Everyone knows the evil-twin trope that pervades fiction. The good-guy protagonist has a twin, the antagonist, who, despite being physically identical to the protagonist, or nearly so, has a diametrically opposed moral compass and is pure evil. Once this dichotomy is established, the rest of the story typically revolves around the good twin vanquishing the evil twin and saving the world. Rarely, if ever, does the evil twin survive.
Unless we’re talking about the
Dormant Commerce Clause—the
Commerce Clause’s evil twin.
Overview of the Commerce Clause
One of the big takeaways from law school
constitutional law classes is that the Commerce Clause, which grants Congress the power “to regulate commerce with foreign nations and among the several states, and with the Indian tribes,” has been interpreted to give Congress immense power. The most significant aspect of this power is the authority to regulate commerce “among the several states,” typically called
interstate commerce.
SCOTUS has interpreted Congress’s commerce power to authorize Congress to regulate the full spectrum of interstate
commercial activity, including:
- the uses of the channels of interstate commerce;
- the instrumentalities of interstate commerce, or persons or things moving in interstate commerce; and
- economic activity that substantially affects interstate commerce, solely or in the aggregate.
Because of this broad interpretation, Congress often relies on the Commerce Clause as its authority for federal legislation.
Let’s examine this authority more closely.
Uses of the channels of interstate commerce
Congress’s ability to regulate the uses of the channels of interstate commerce allows Congress to prohibit the movement of specified goods through interstate commerce and prevent interstate commerce from being used for harmful or unlawful purposes.
Instrumentalities and persons or things in interstate commerce
The commerce power also authorizes Congress to regulate the instrumentalities of interstate commerce, including persons or things as they move through interstate commerce. This vast power applies even if the threat to interstate commerce comes from activity that occurs entirely within a single state’s borders. Thus, Congress has the power to regulate even purely intrastate activity if Congress finds that such activity threatens to harm interstate commerce.
Economic activity substantially affecting interstate commerce
Finally, the Commerce Clause allows Congress to regulate economic activity that has a substantial effect on interstate commerce, whether through a single instance of the activity or through the aggregation of multiple instances. This particular regulatory ability—commonly referred to as the substantial-effects doctrine—has proven to be a very broad ground for congressional legislation, limited only by the fact that the regulated activity must be somehow, someway economic in nature.
That’s the protagonist—the Commerce Clause.
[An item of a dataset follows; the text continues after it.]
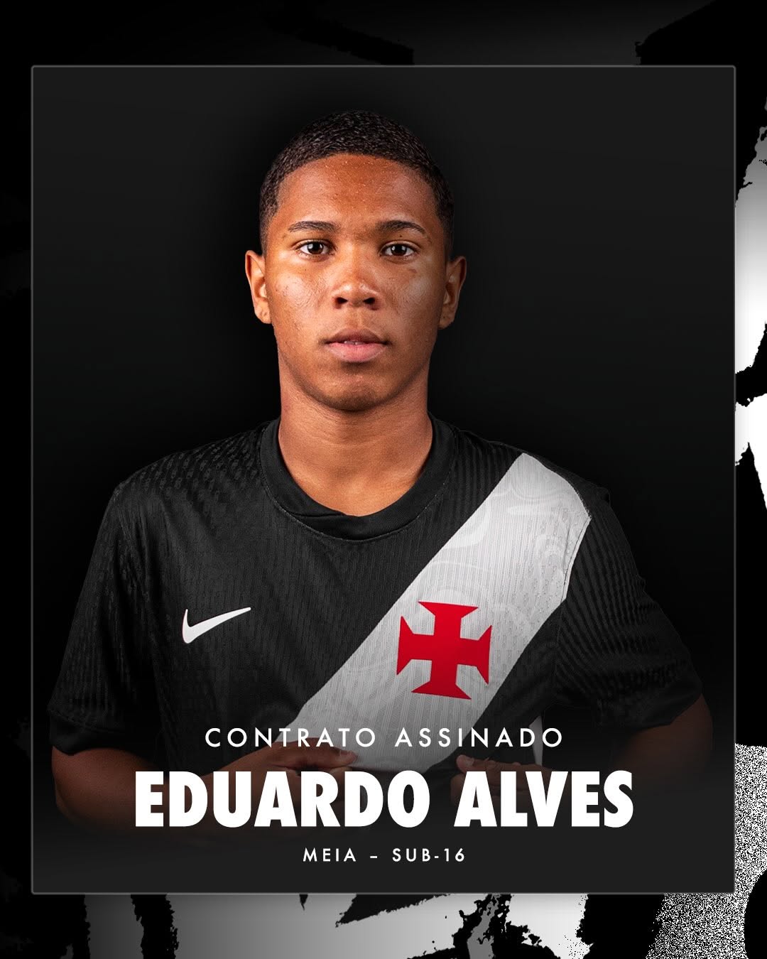 Fechando a lista, o meio-campista Eduardo Alves, nascido em 2 de fevereiro de 2010, em Patrício Paulista (SP), chega ao Vasco por empréstimo, com vínculo válido até 31 de janeiro de 2027.

Now, meet the antagonist, the evil twin—the Dormant Commerce Clause.
Overview of the Dormant Commerce Clause
Even before exploring the substance of the so-called Dormant Commerce Clause, we can see why it’s the Commerce Clause’s evil twin. For starters, the Dormant Commerce Clause isn’t actually a clause at all. In fact, it’s not even included in the Constitution’s text. Instead, it’s a judicially created rule of law that has been inferred from Congress’s broad power to regulate interstate commerce pursuant to the Commerce Clause—classic evil-twin energy.
Also, it’s good to note that because the Dormant Commerce Clause (let’s call it the DCC) isn’t written in the Constitution’s text, it’s also known by some people, especially the people who write the bar exam, as the “negative implications of the Commerce Clause.” That’s a mouthful, so we’ll stick with DCC here, but remember that the terms are synonymous.
Now, let’s look at the DCC’s actual substance. Generally speaking, the DCC prohibits the states from passing laws that either discriminate against or unjustifiably burden interstate commerce.
The DCC Tests
As with much of constitutional law, there are judicially developed tests for analyzing laws to determine whether a particular state law violates the DCC, although discriminatory laws and burdensome laws are analyzed differently.
Discriminatory laws
A statute is discriminatory if it favors in-state interests over out-of-state interests or if it blocks interstate commerce at the state’s border. Discriminatory laws are subject to strict judicial scrutiny. Under this standard, a discriminatory law will be upheld only if the state can prove that the law serves a legitimate state purpose that can’t be served by any nondiscriminatory alternatives. Under this test, the desire to protect intrastate economic interests isn’t a legitimate objective.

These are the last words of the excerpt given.